All this under the title "Since sensationalism is the order of the day".

Never let it be said that Idiot does not take himself seriously, very seriously indeed.

We are being robbed people 

John Key has started on what should be a year long campaign to demonstrate what is essentially one of the last defining differences between 'the left' and 'the right' - tax.

National - you take what you need to ensure essential infrastructure, to provide public services, to provide welfare safety net and let people get on with life.

Labour - tax the bejesus out of 'the rich' to 'redistribute' to anyone that will vote for you next time.
Labour increased the top rate of tax by 6c to 39c after the 1999 election saying it would use the money for health and education and promising that only the wealthiest 5 per cent of taxpayers would be affected. That has since risen to 10 per cent with wage hikes.
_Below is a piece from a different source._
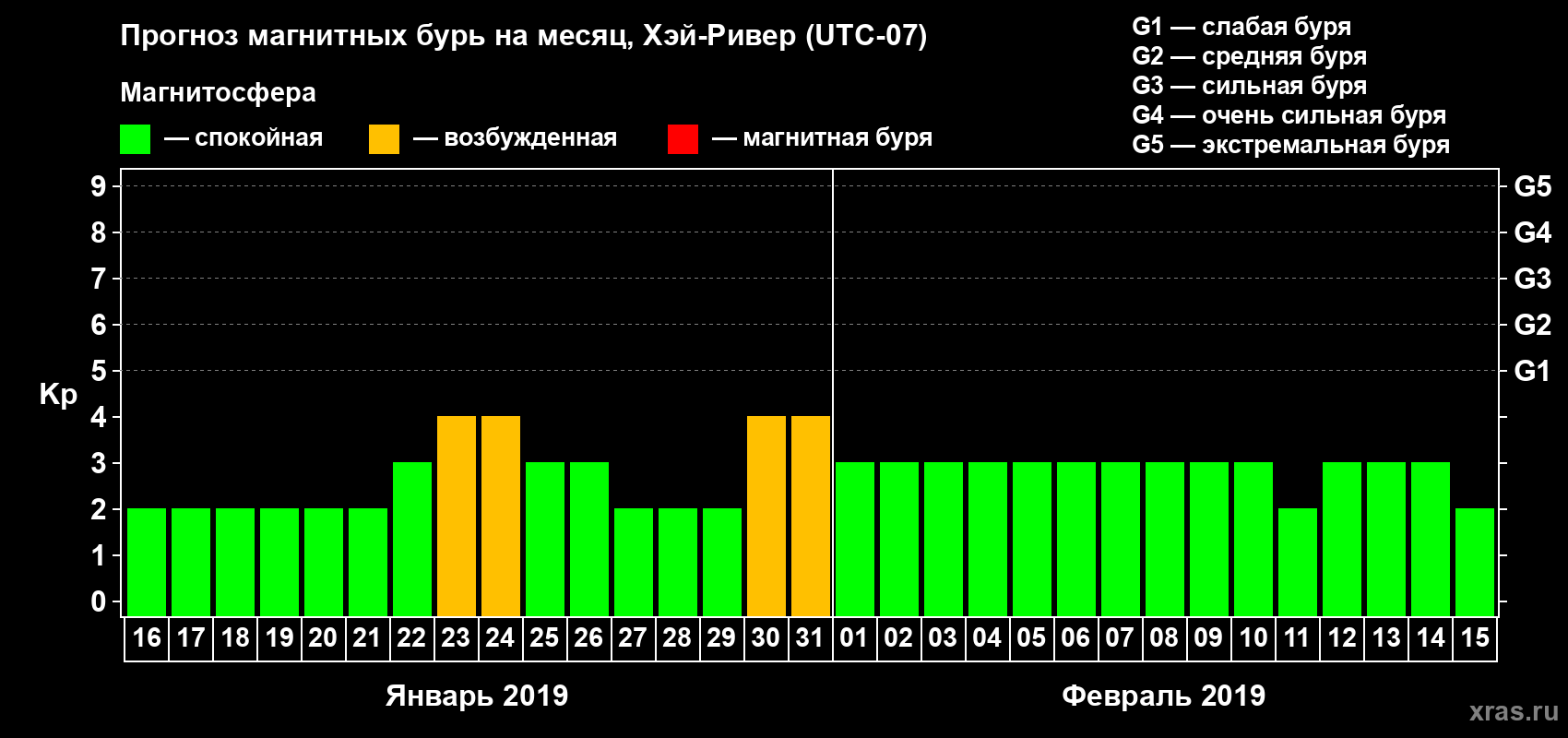 Прогноз магнитных бурь в Хэй-Ривере — 16 января 2019 года

Prime Minister Helen Clark said yesterday a booming economy was the reason. She indicated Labour was unlikely to alter the top rate.

"In the end you have to weigh up whether you want to give tax cuts or keep pouring the benefits back into health, education and the services that the New Zealand public like and want and deserve and should have."
The doctors no cheaper for me than it was yesterday Helen, I am still repaying my student loan and the only other 'increased service' I have noticed is an increase in people ready and waiting to give me a speeding ticket. Leave enough money in people's pocket for them to afford a decent heater and the power to run it - and they may not need your doctors subsidy.

National need cogently demonstrate that this Government is making life as costly as possible for middle New Zealand. This is John Key's task for the next 12 months, he has started, good luck to him.